Ist es so schwer, das mal eben zu markieren?
Hier will doch keiner über 250 Zeilen durchzählen ..... 

Gruß Klaus


----------



## Joe1903 (14. Dezember 2016)

vfl_freak hat gesagt.:


> Moin,
> 
> wie schon bei Deinem anderen  Beitrag geschrieben:
> welche Zeile ist das ???
> ...


Sorry,das ist Zeile 242 in meinem obigen Post.


----------



## Joe1903 (14. Dezember 2016)

cwriter hat gesagt.:


> Warum würdest du das wollen?
> Nein, denn stdin ist != NULL. Daher würdest du in diesem if-Block mit ftell auf stdin zugreifen, was richtig doll verboten ist.
> 
> Gruss
> cwriter


Ok ich habe den Fehler gefunden und korrigiert.Jetzt funktioniert alles prima.Lediglich das Verhalten des Programms hat sich geändert:
Zuvor kam die Ausgabe bei Ctrl+D, nun kommst es bei Enter.Was muss ich ändern,damit es wieder so ist wie zuvor?Und die Reihenfolge der Wörter ist ja alphabetisch absteigend.
Ich möchte aber,dass bei Wörtern mit derselben Häufigkeit alphabetsich aufsteigend ist.An welcher Stelle kann ich das ändern?


----------



## cwriter (14. Dezember 2016)

Joe1903 hat gesagt.:


> Zuvor kam die Ausgabe bei Ctrl+D, nun kommst es bei Enter.


Ach, du willst mehrere Zeilen lesen?
Dann kannst du einfach das "else break;" entfernen.
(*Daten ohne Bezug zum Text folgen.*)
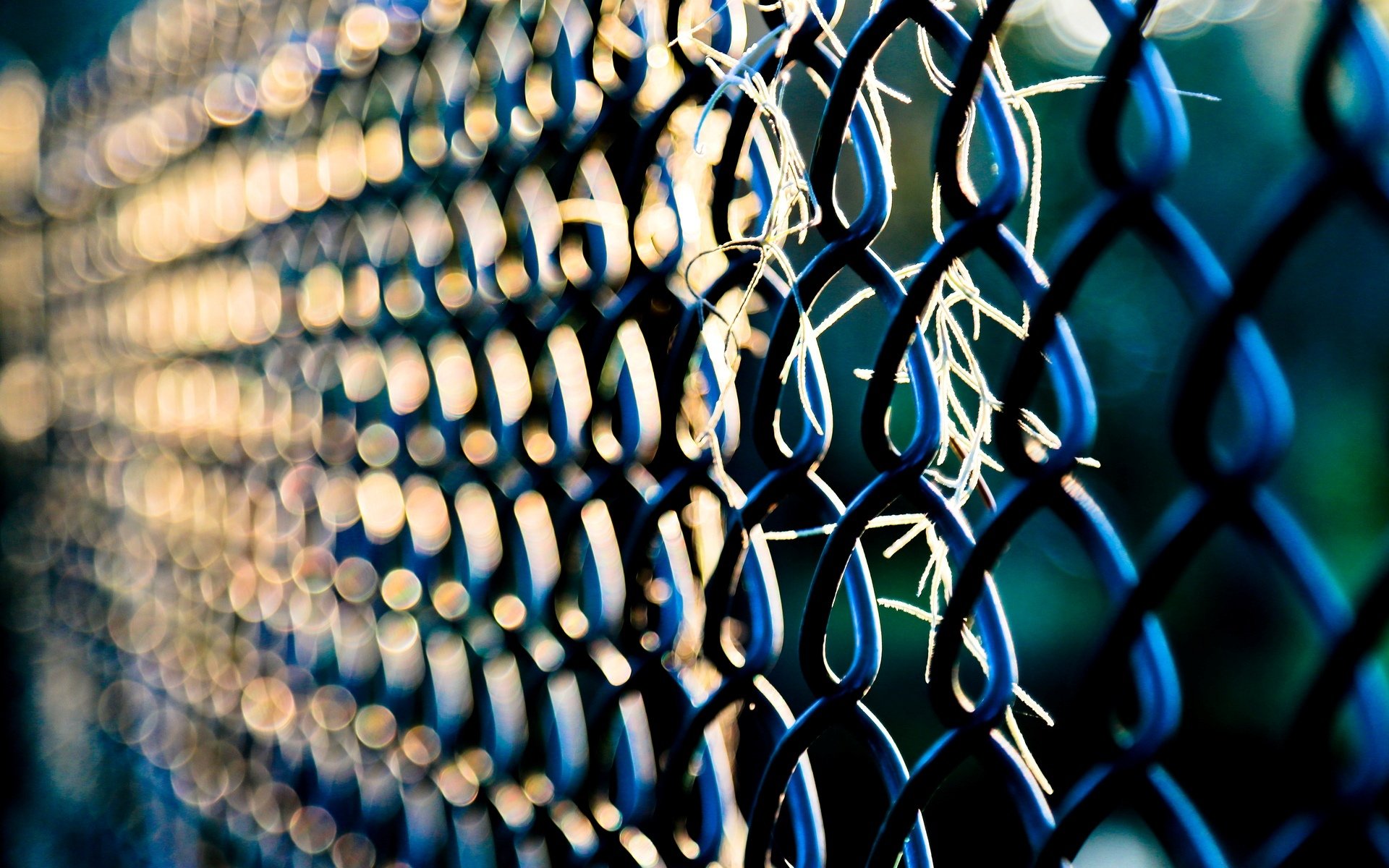 Cerca de malla de metal con luces de color naranja de las linternasCerca de malla de metal con luces de color naranja de las linternas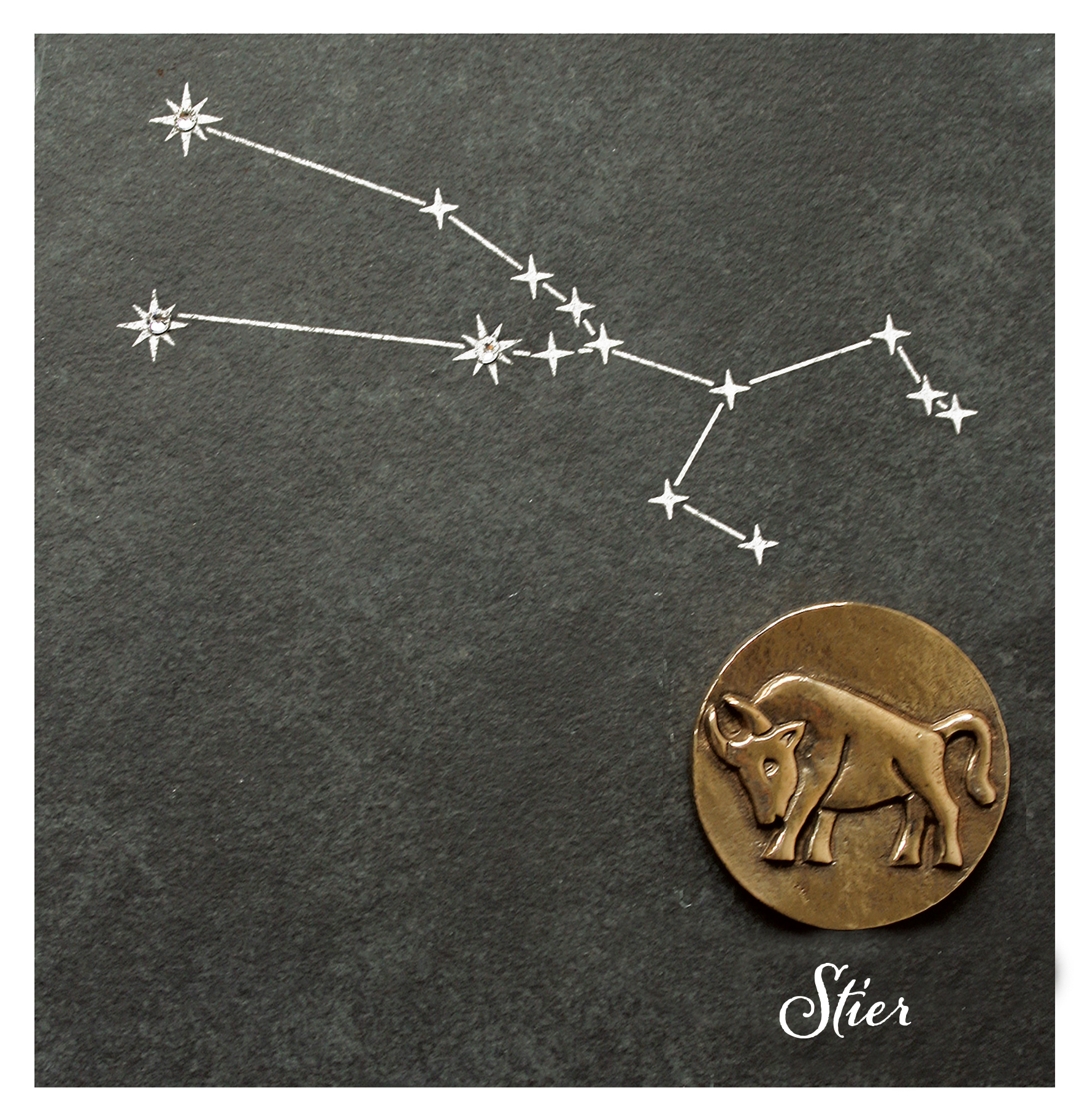Der Glanz der Sterne, dargestellt durch schimmernde Swarovski- Kristalle, das Dunkel des Nachthimmels, im tiefen Grau des ausgesuchten Naturschiefers und das strahlende irdische Glühen des gegossenen Bronzereliefs gestalten dieses Tierkreiszeichen: Stier (21. April – 21. Mai)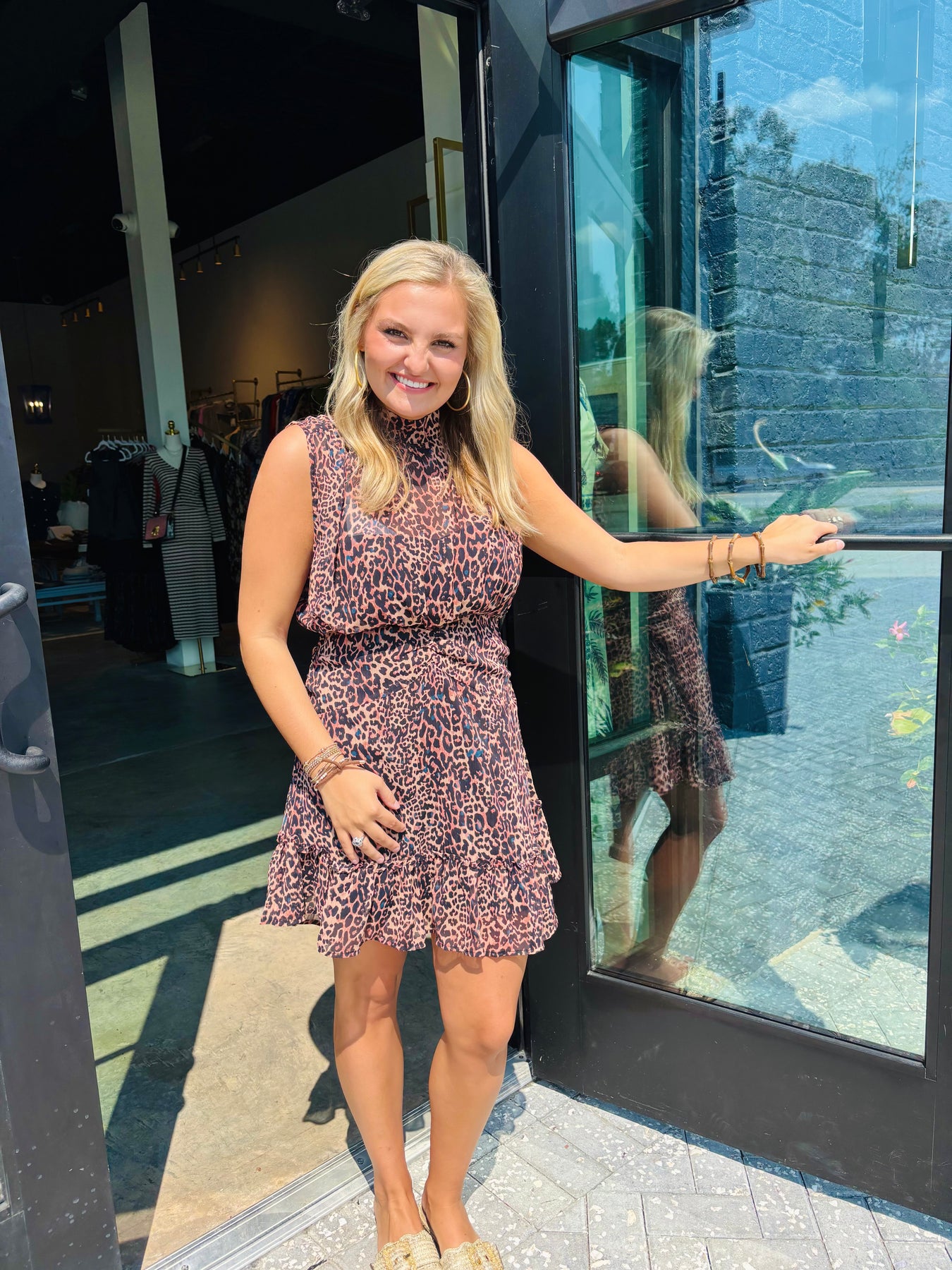A lightweight mockneck dress with a ruffled hem and ruching at the waist. The semi-sheer leopard print overlay is complemented by a black slip underneath. Would look great paired with boots or heels. Back zipper closure.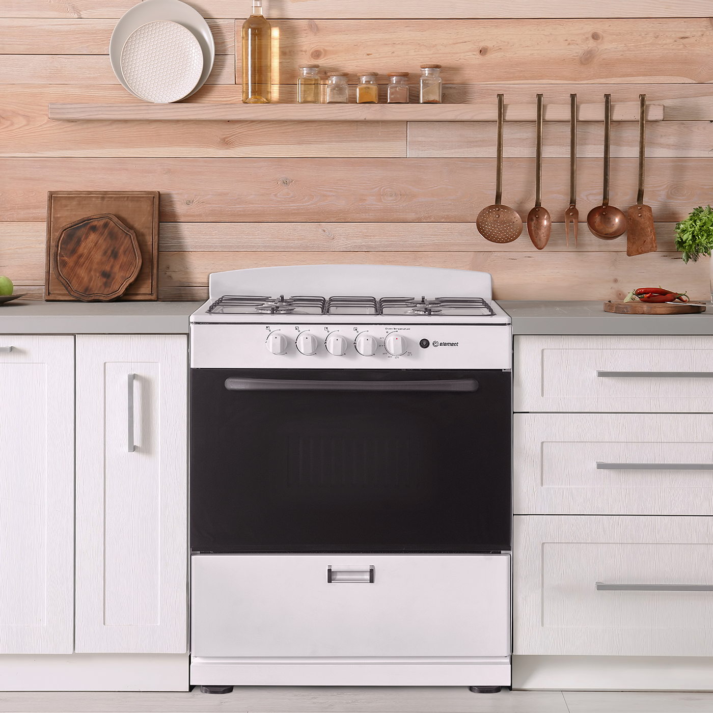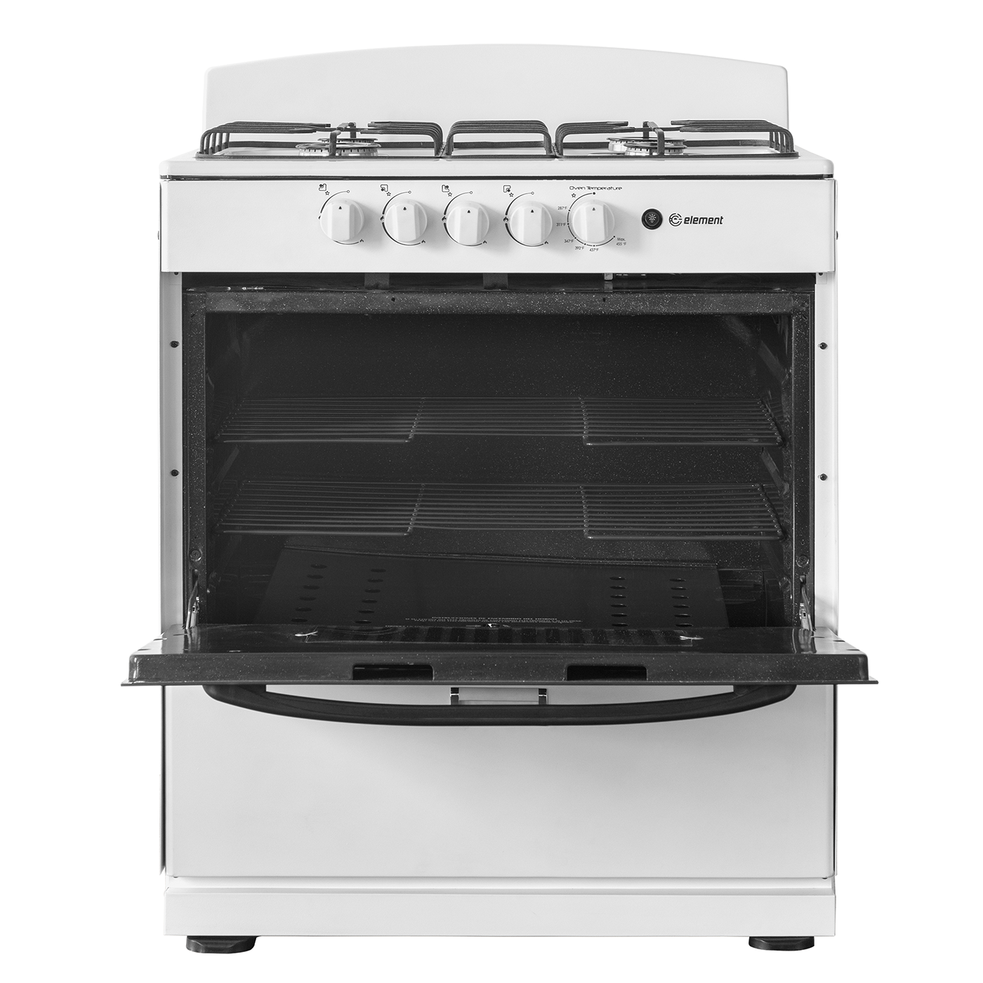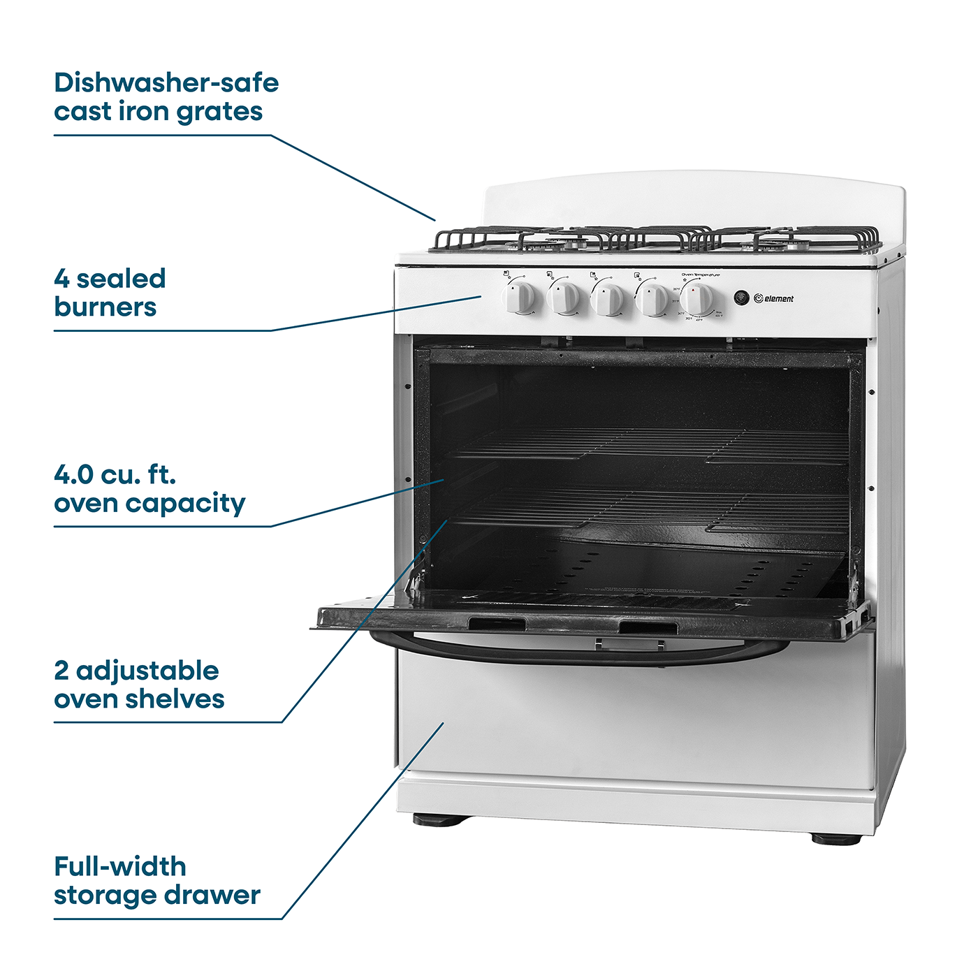 The Element 30” 4-Burner Gas Range stovetop features powerful burners and heavy-duty cast iron grates that make every day cooking a breeze. Two adjustable racks in the spacious 4.0 cubic foot oven help you fit multiple dishes at once, and the lower drawer provides valuable extra storage space. This Element range features easy-to-use front controls, a sleek edge-to-edge glass oven door and a logo-free exterior to seamlessly coordinate with your other appliances.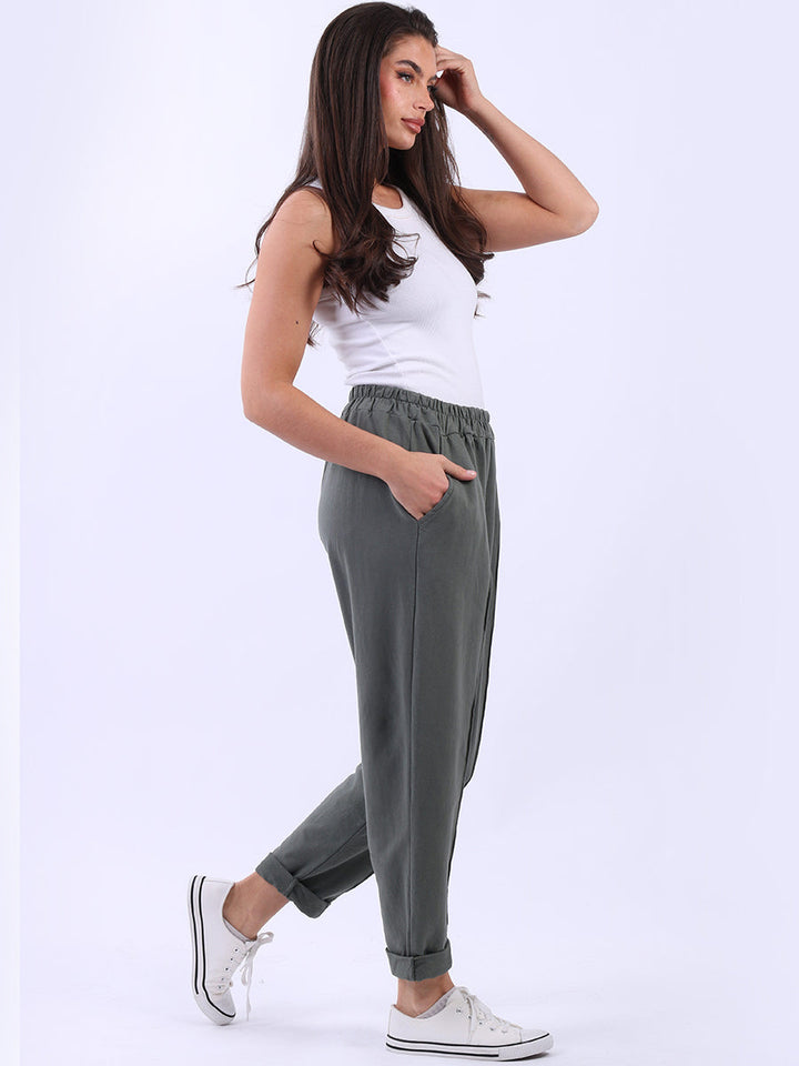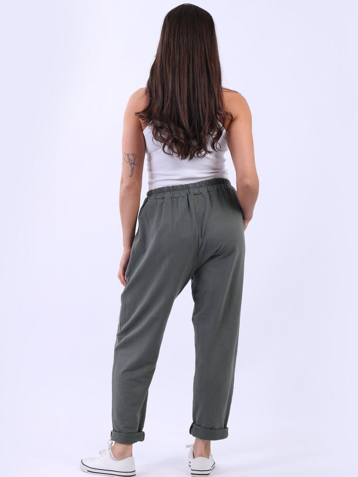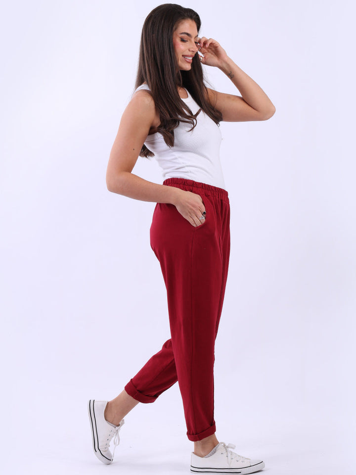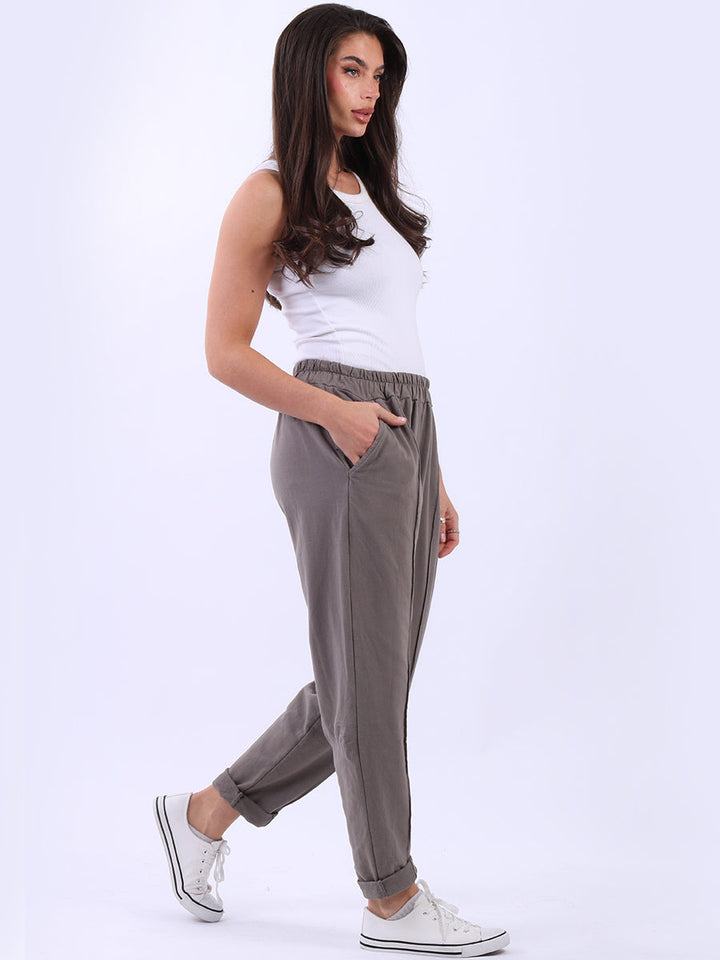 Opt for old-money aesthetics with these made-in-Italy regular-fit cotton joggers brought to women by Wholesale Fashion Store London. These pants feature a comfortable elastic waist and practical side pockets while keeping the overall design simple with a plain hue and rolled-up hem.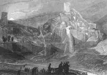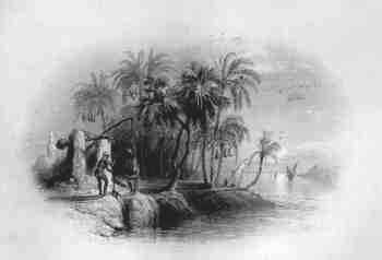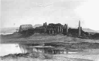 | THE CONVENT OF SANTA SABA - ENGEDI Art: J.M.W. Turner Engr: J. B. Allen 1836 Size: 14x10 cms. Ref: # EG003 Price: $ 20.00 | PLAIN OF THEBES Art: W.H. Bartlett Engr: unknown c1847 Size: 14x9 cms. (oval) Ref: # EG004 Price: $ 16.00 |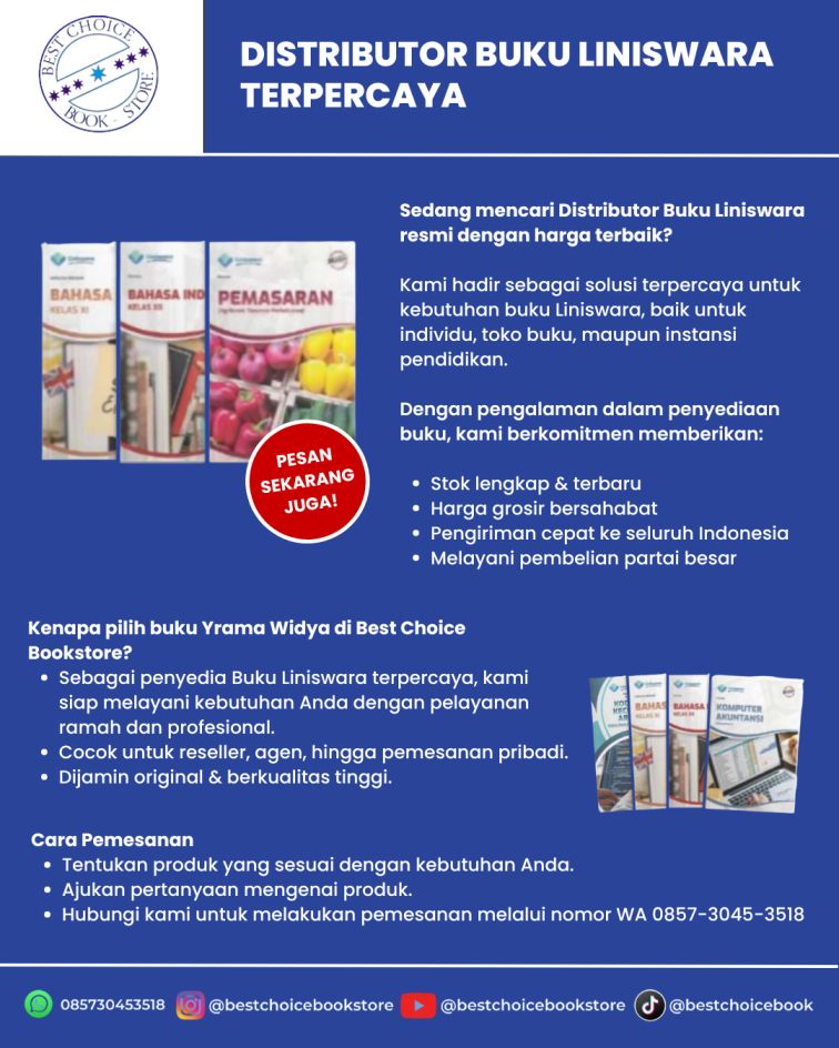 Jika Anda sedang mencari Distributor Buku Liniswara Resmi dan Terpercaya, maka Best Choice Bookstore adalah pilihan terbaik. Dengan stok lengkap, harga grosir bersahabat, pelayanan profesional, serta jaminan original, kami siap menjadi solusi kebutuhan buku Anda, baik untuk individu, toko buku, maupun instansi pendidikan.

Bei dir Zeile 254.
Danach solltest du auf dieser Zeile ein Buf=bufbase + strlen(bufbase); hinmachen. Nicht optimal, aber es sollte gehen. Eine Optimierung wäre, wenn du direkt nach dem fgets() "size_t t = strlen(Buf)" bestimmen würdest und dann direkt nach dem if-Block ein Buf += t; machen würdest. Aber beides ist nicht optimal.
Dann hättest du wirklich die gesamte Eingabe im Speicher, und da wäre fread besser, da es dir sagt, wieviel gelesen wurde. Wenn du nur jede Zeile ganz haben willst, dann kannst du statt des "else break;" ein "else {Buf=bufbase; /*dein strtok-code von weiter unten*/}" schreiben.



Joe1903 hat gesagt.:


> Und die Reihenfolge der Wörter ist ja alphabetisch absteigend.


Na wenn du das sagst 



Joe1903 hat gesagt.:


> Ich möchte aber,dass bei Wörtern mit derselben Häufigkeit alphabetsich aufsteigend ist.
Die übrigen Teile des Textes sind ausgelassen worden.